# Exercise brief:
Write out every record below exactly as it appears, omitting the pictures.

━━━━━ Supplied records

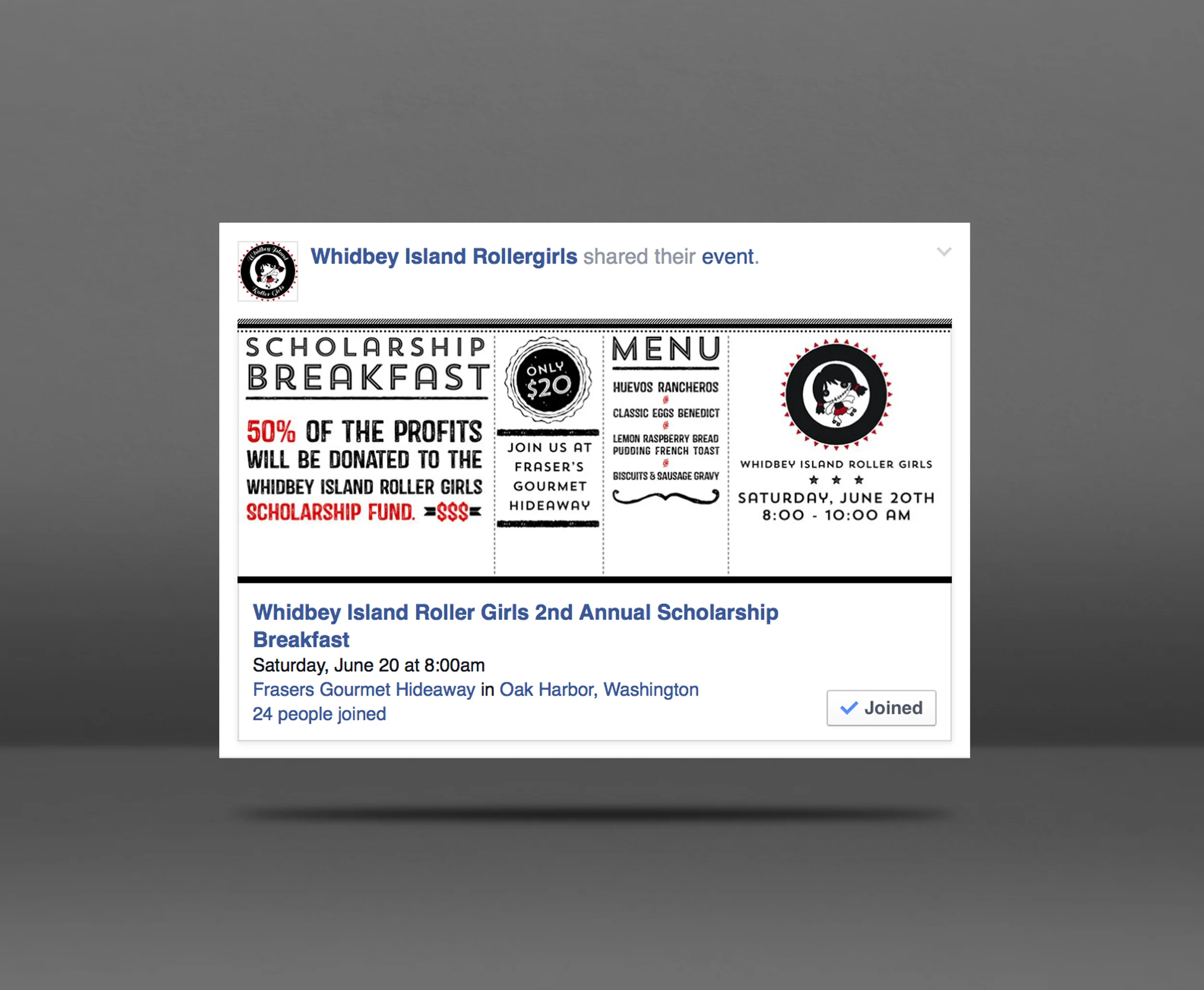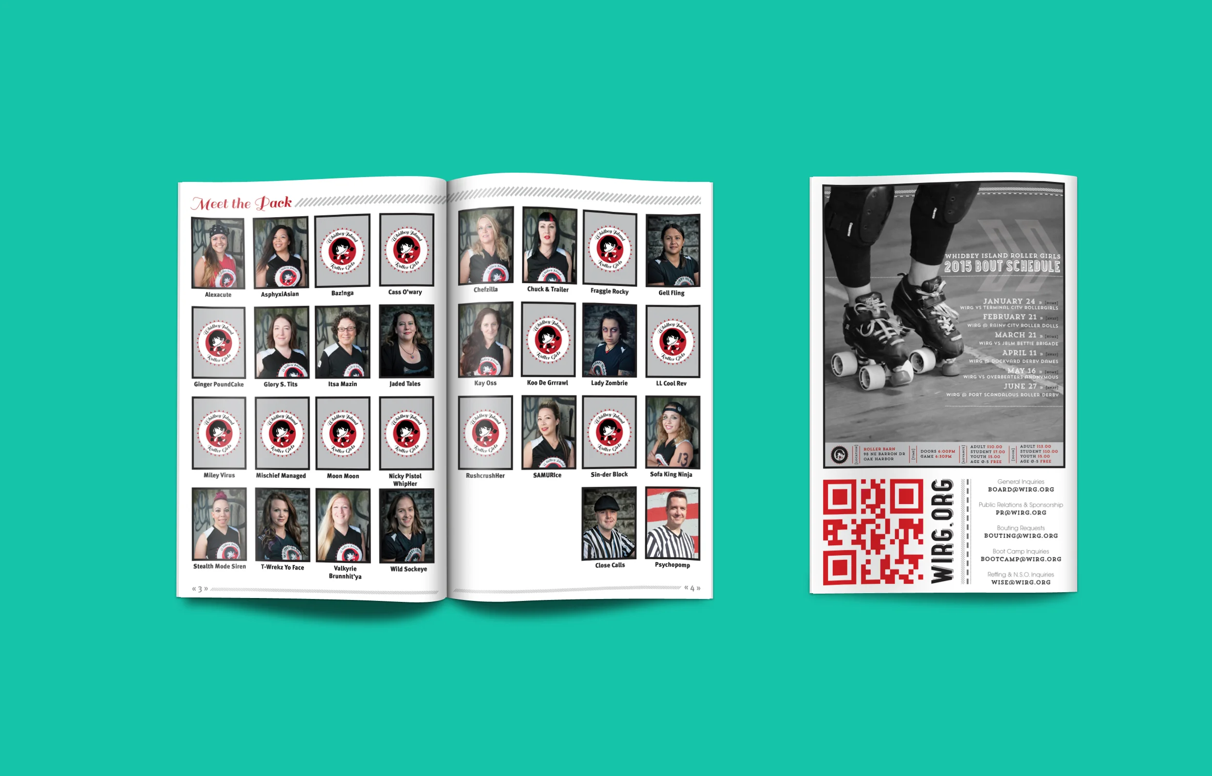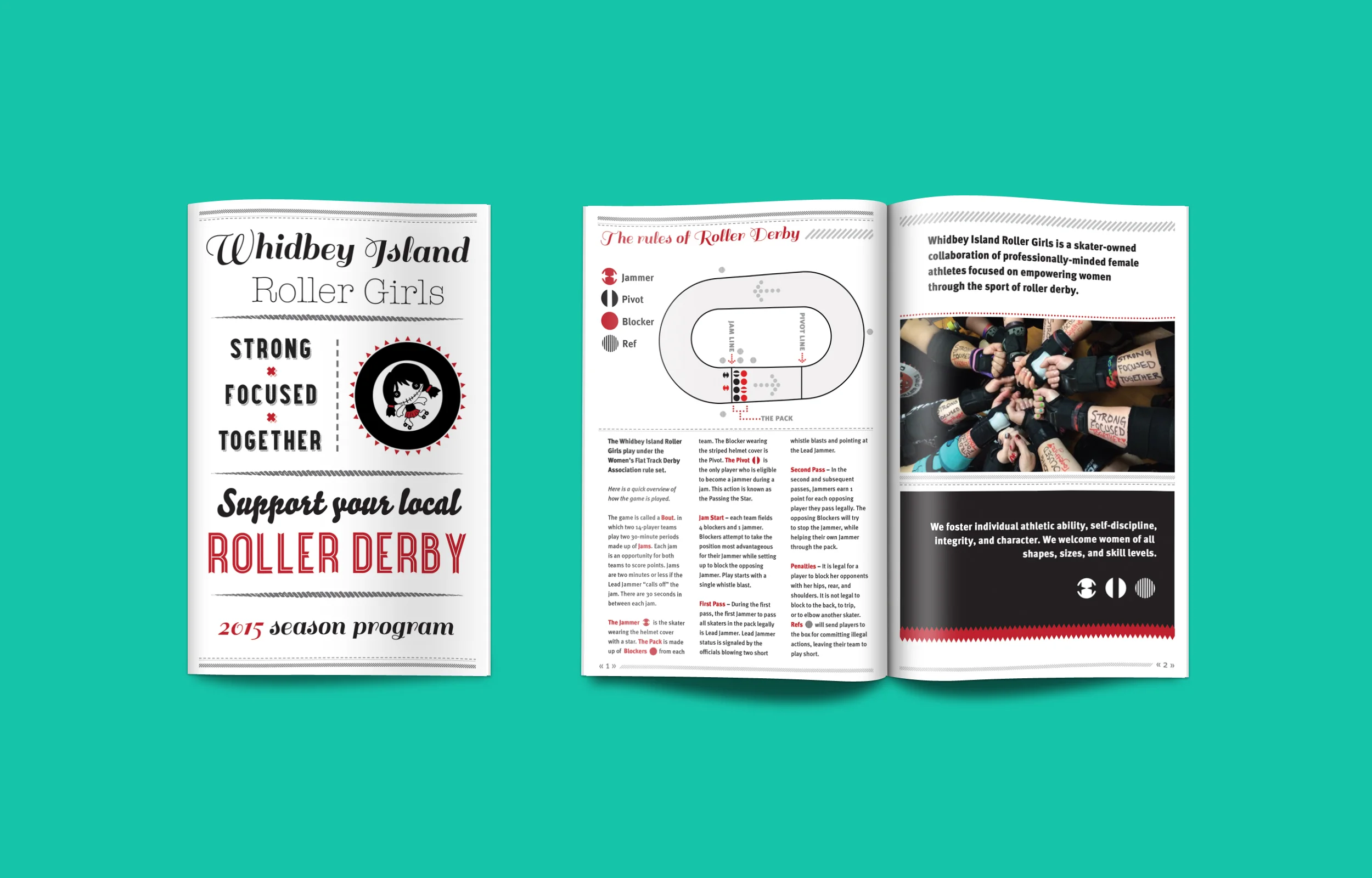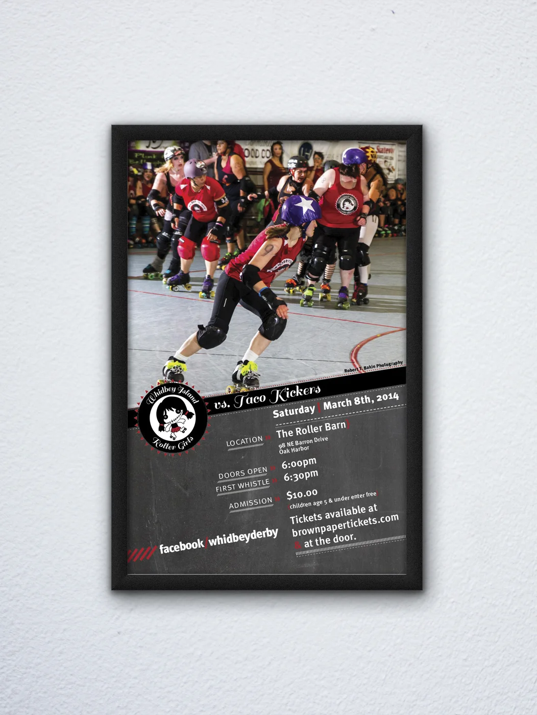 I collaborated with the Whidbey Island Roller Girls on a wide array of design needs for the team, including an updated Logo, Posters, Business Cards, Event Signage and other Print Collateral, Apparel Design, Web Design and Social Media Management.
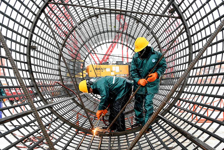 人民網合肥2月9日電(陳浩)虎年上班首日,安徽銅陵出現降雪天氣,但建設者的熱情沒有絲毫減弱。為確保G3銅陵長江公鐵大橋建設進度,施工人員頂風冒雪為大橋3號主墩安裝鉆孔樁鋼筋籠。
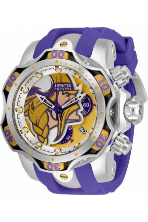 Band For Invicta NFL 33059, Band Material Aluminium, Silicone, Stainless Steel, Band Color Purple, Yellow, Steel, Band Width 26 mm, Band Length 210 mm, Buckle Type Buckle, Clasp Type Regular
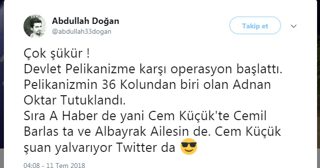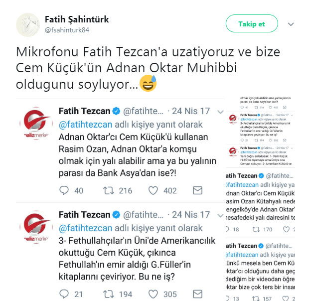 Çok sonraları geriye doğru arşiv taramaları yapıldığında görülüyor ki Pelikan Yalısı’nın müdavimleri Adnan Oktar’ın A9TV’sini neredeyse suyoluna çevirmişler meğer. Hatta o programlardan birinde en alakasız mevzular için dahi Cem Küçük şöyle referanslar vererek Adnan Oktar’a saygı ve sadakatini deklare ediyordu: “Hocamız Adnan Oktar da birçok defalar konuşmalarında, konferanslarında bunları dile getiriyordu.” Kirli ve karanlık ilişkilerin hemen tamamını örten bir maske olarak kullanılan “reisçilik” ve “Fetö’yle mücadele” bir bakıyorsunuz Adnan Oktar ve şebekesiyle sıklaştırılan saflara hızla dâhil olmak, aynı hedeflere iştiyakla birlikte vurmak için de kolaylaştırıcı bir vesile oluyordu.
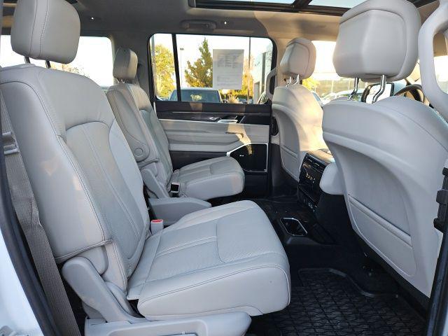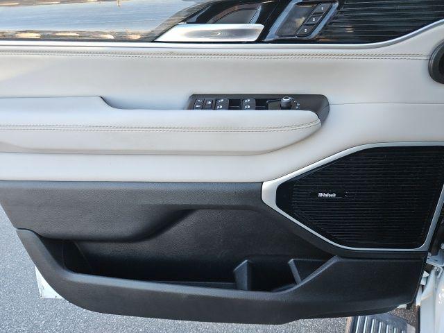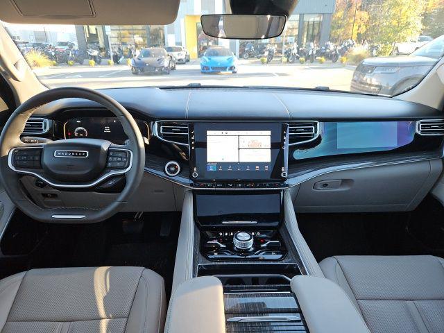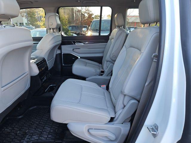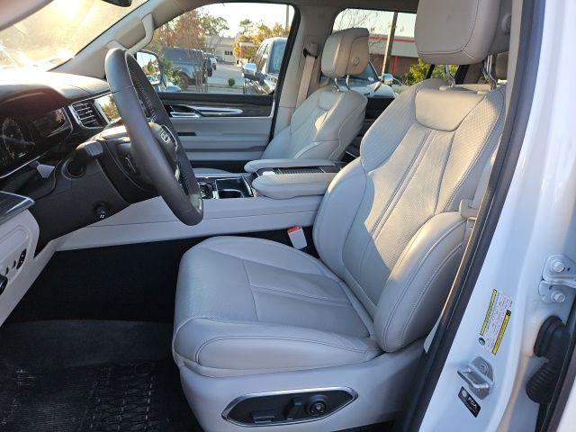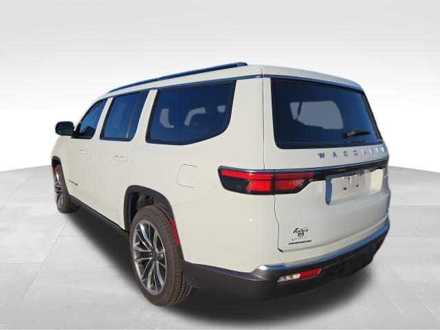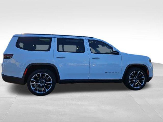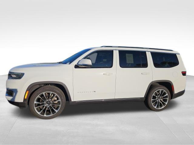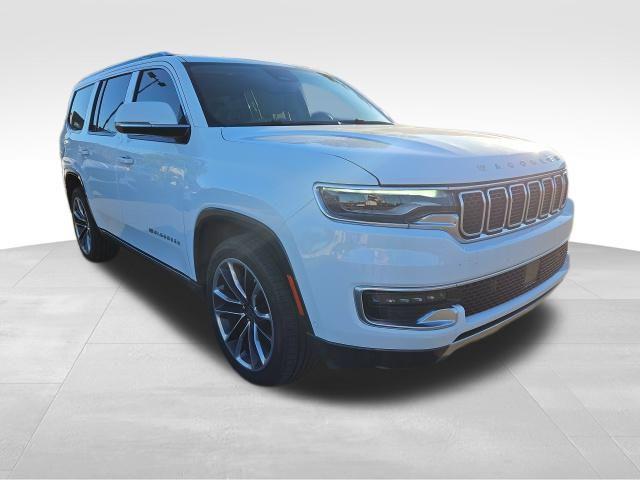 Bright White Clearcoat 2022 Jeep Wagoneer Series III 4WD 8-Speed Automatic 5.7L V8 CARFAX One-Owner. 19 Speaker McIntosh Audio System, 3 Panel Sunroof, 7-Passenger Seating, Adjustable Roof Rail Crossbars, Cargo Cover, Flexible Seating Group, Floor Console w/Cupholder, Front Passenger Interactive Display, Luxury Front & Rear Floor Mats, Power Deployable Running Boards, Power Tip/Slide Recline 2nd Row Buckets, Premium Group I (DISC), Reversible Carpet/Vinyl Cargo Mat, Wheels: 22"" x 9.0"" Premium 3 Aluminum (DISC), 10 Speakers, 3.21 Rear Axle Ratio, 3rd row seats: bench, 4-Wheel Disc Brakes, ABS brakes, Adjustable pedals, Air Conditioning, All-Season Floor Mats, Alloy wheels, AM/FM radio: SiriusXM with 360L, Anti-whiplash front head restraints, Audio memory, Auto High-beam Headlights, Auto-dimming door mirrors, Auto-dimming Rear-View mirror, Auto-leveling suspension, Automatic temperature control, Brake assist, Bumpers: body-color, Cargo Tray, Compass, Delay-off headlights, Driver door bin, Driver vanity mirror, Driver's Seat Mounted Armrest, Dual front impact airbags, Dual front side impact airbags, Electronic Stability Control, Exterior Parking Camera Rear, Four wheel independent suspension, Front anti-roll bar, Front Bucket Seats, Front Center Armrest w/Storage, Front dual zone A/C, Front fog lights, Front reading lights, Fully automatic headlights, Garage door transmitter, Genuine wood console insert, Genuine wood dashboard insert, Genuine wood door panel insert, Heads-Up Display, Heated door mirrors, Heated front seats, Heated rear seats, Heated steering wheel, Illuminated entry, Knee airbag, Leather Trimmed Bucket Seats, Low tire pressure warning, Memory seat, MOPAR Interior Protection Package, Navigation System, Normal Duty Suspension, Occupant sensing airbag, Outside temperature display, Overhead airbag, Overhead console, Panic alarm, Passenger door bin, Passenger seat mounted armrest, Passenger vanity mirror, Pedal memory, Power adjustable front head restraints, Power door mirrors, Power driver seat, Power Liftgate, Power passenger seat, Power steering, Power windows, Quick Order Package 22N, Radio data system, Radio: Uconnect 5 Nav w/10.1"" Display, Rain sensing wipers, Rear air conditioning, Rear anti-roll bar, Rear dual zone A/C, Rear reading lights, Rear seat center armrest, Rear window defroster, Rear window wiper, Reclining 3rd row seat, Remote keyless entry, Security system, Speed control, Speed-sensing steering, Speed-Sensitive Wipers, Split folding rear seat, Steering wheel memory, Steering wheel mounted audio controls, Tachometer, Telescoping steering wheel, Tilt steering wheel, Traction control, Trip computer, Turn signal indicator mirrors, Variably intermittent wipers, Ventilated front seats, Voltmeter, 19 Speaker McIntosh Audio System, 3 Panel Sunroof, 7-Passenger Seating, Adjustable Roof Rail Crossbars, Cargo Cover, Flexible Seating Group, Floor Console w/Cupholder, Front Passenger Interactive Display, Luxury Front & Rear Floor Mats, Power Deployable Running Boards, Power Tip/Slide Recline 2nd Row Buckets, Premium Group I (DISC), Reversible Carpet/Vinyl Cargo Mat, Wheels: 22"" x 9.0"" Premium 3 Aluminum (DISC).Recent Arrival! Odometer is 7960 miles below market average!Jaguar Land Rover Cape Fear in Wilmington, NC treats the needs of each individual customer with paramount concern. We know that you have high expectations, and as a car dealer we enjoy the challenge of meeting and exceeding those standards each and every time. Allow us to demonstrate our commitment to excellence! Our experienced sales staff is eager to share its knowledge and enthusiasm with you. We encourage you to browse our online inventory, schedule a test drive and investigate financing options. You can also request more information about a vehicle using our online form or by calling 855-822-5199. We look forward to serving you!

━━━━━━━━━━

# Exercise response:
 I collaborated with the Whidbey Island Roller Girls on a wide array of design needs for the team, including an updated Logo, Posters, Business Cards, Event Signage and other Print Collateral, Apparel Design, Web Design and Social Media Management.
 人民網合肥2月9日電(陳浩)虎年上班首日,安徽銅陵出現降雪天氣,但建設者的熱情沒有絲毫減弱。為確保G3銅陵長江公鐵大橋建設進度,施工人員頂風冒雪為大橋3號主墩安裝鉆孔樁鋼筋籠。
 Band For Invicta NFL 33059, Band Material Aluminium, Silicone, Stainless Steel, Band Color Purple, Yellow, Steel, Band Width 26 mm, Band Length 210 mm, Buckle Type Buckle, Clasp Type Regular
 Çok sonraları geriye doğru arşiv taramaları yapıldığında görülüyor ki Pelikan Yalısı’nın müdavimleri Adnan Oktar’ın A9TV’sini neredeyse suyoluna çevirmişler meğer. Hatta o programlardan birinde en alakasız mevzular için dahi Cem Küçük şöyle referanslar vererek Adnan Oktar’a saygı ve sadakatini deklare ediyordu: “Hocamız Adnan Oktar da birçok defalar konuşmalarında, konferanslarında bunları dile getiriyordu.” Kirli ve karanlık ilişkilerin hemen tamamını örten bir maske olarak kullanılan “reisçilik” ve “Fetö’yle mücadele” bir bakıyorsunuz Adnan Oktar ve şebekesiyle sıklaştırılan saflara hızla dâhil olmak, aynı hedeflere iştiyakla birlikte vurmak için de kolaylaştırıcı bir vesile oluyordu.
 Bright White Clearcoat 2022 Jeep Wagoneer Series III 4WD 8-Speed Automatic 5.7L V8 CARFAX One-Owner. 19 Speaker McIntosh Audio System, 3 Panel Sunroof, 7-Passenger Seating, Adjustable Roof Rail Crossbars, Cargo Cover, Flexible Seating Group, Floor Console w/Cupholder, Front Passenger Interactive Display, Luxury Front & Rear Floor Mats, Power Deployable Running Boards, Power Tip/Slide Recline 2nd Row Buckets, Premium Group I (DISC), Reversible Carpet/Vinyl Cargo Mat, Wheels: 22"" x 9.0"" Premium 3 Aluminum (DISC), 10 Speakers, 3.21 Rear Axle Ratio, 3rd row seats: bench, 4-Wheel Disc Brakes, ABS brakes, Adjustable pedals, Air Conditioning, All-Season Floor Mats, Alloy wheels, AM/FM radio: SiriusXM with 360L, Anti-whiplash front head restraints, Audio memory, Auto High-beam Headlights, Auto-dimming door mirrors, Auto-dimming Rear-View mirror, Auto-leveling suspension, Automatic temperature control, Brake assist, Bumpers: body-color, Cargo Tray, Compass, Delay-off headlights, Driver door bin, Driver vanity mirror, Driver's Seat Mounted Armrest, Dual front impact airbags, Dual front side impact airbags, Electronic Stability Control, Exterior Parking Camera Rear, Four wheel independent suspension, Front anti-roll bar, Front Bucket Seats, Front Center Armrest w/Storage, Front dual zone A/C, Front fog lights, Front reading lights, Fully automatic headlights, Garage door transmitter, Genuine wood console insert, Genuine wood dashboard insert, Genuine wood door panel insert, Heads-Up Display, Heated door mirrors, Heated front seats, Heated rear seats, Heated steering wheel, Illuminated entry, Knee airbag, Leather Trimmed Bucket Seats, Low tire pressure warning, Memory seat, MOPAR Interior Protection Package, Navigation System, Normal Duty Suspension, Occupant sensing airbag, Outside temperature display, Overhead airbag, Overhead console, Panic alarm, Passenger door bin, Passenger seat mounted armrest, Passenger vanity mirror, Pedal memory, Power adjustable front head restraints, Power door mirrors, Power driver seat, Power Liftgate, Power passenger seat, Power steering, Power windows, Quick Order Package 22N, Radio data system, Radio: Uconnect 5 Nav w/10.1"" Display, Rain sensing wipers, Rear air conditioning, Rear anti-roll bar, Rear dual zone A/C, Rear reading lights, Rear seat center armrest, Rear window defroster, Rear window wiper, Reclining 3rd row seat, Remote keyless entry, Security system, Speed control, Speed-sensing steering, Speed-Sensitive Wipers, Split folding rear seat, Steering wheel memory, Steering wheel mounted audio controls, Tachometer, Telescoping steering wheel, Tilt steering wheel, Traction control, Trip computer, Turn signal indicator mirrors, Variably intermittent wipers, Ventilated front seats, Voltmeter, 19 Speaker McIntosh Audio System, 3 Panel Sunroof, 7-Passenger Seating, Adjustable Roof Rail Crossbars, Cargo Cover, Flexible Seating Group, Floor Console w/Cupholder, Front Passenger Interactive Display, Luxury Front & Rear Floor Mats, Power Deployable Running Boards, Power Tip/Slide Recline 2nd Row Buckets, Premium Group I (DISC), Reversible Carpet/Vinyl Cargo Mat, Wheels: 22"" x 9.0"" Premium 3 Aluminum (DISC).Recent Arrival! Odometer is 7960 miles below market average!Jaguar Land Rover Cape Fear in Wilmington, NC treats the needs of each individual customer with paramount concern. We know that you have high expectations, and as a car dealer we enjoy the challenge of meeting and exceeding those standards each and every time. Allow us to demonstrate our commitment to excellence! Our experienced sales staff is eager to share its knowledge and enthusiasm with you. We encourage you to browse our online inventory, schedule a test drive and investigate financing options. You can also request more information about a vehicle using our online form or by calling 855-822-5199. We look forward to serving you!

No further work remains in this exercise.